**YOUR GOAL:** Your answer is the lines below, exactly, from the one that contains "2019 written with" through the one that contains "3、必须好评这款茶吧机是我线", both included.

**EXERCISE MATERIALS:**
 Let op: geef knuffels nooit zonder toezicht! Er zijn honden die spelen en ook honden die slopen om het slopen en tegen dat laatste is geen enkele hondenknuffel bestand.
...
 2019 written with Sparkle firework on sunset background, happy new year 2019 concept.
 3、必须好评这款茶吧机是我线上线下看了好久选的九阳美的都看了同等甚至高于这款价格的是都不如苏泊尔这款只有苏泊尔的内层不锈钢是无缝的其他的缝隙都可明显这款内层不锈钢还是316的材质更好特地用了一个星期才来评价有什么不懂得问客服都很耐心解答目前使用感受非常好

**WRITTEN REPLY:**
 2019 written with Sparkle firework on sunset background, happy new year 2019 concept.
 3、必须好评这款茶吧机是我线上线下看了好久选的九阳美的都看了同等甚至高于这款价格的是都不如苏泊尔这款只有苏泊尔的内层不锈钢是无缝的其他的缝隙都可明显这款内层不锈钢还是316的材质更好特地用了一个星期才来评价有什么不懂得问客服都很耐心解答目前使用感受非常好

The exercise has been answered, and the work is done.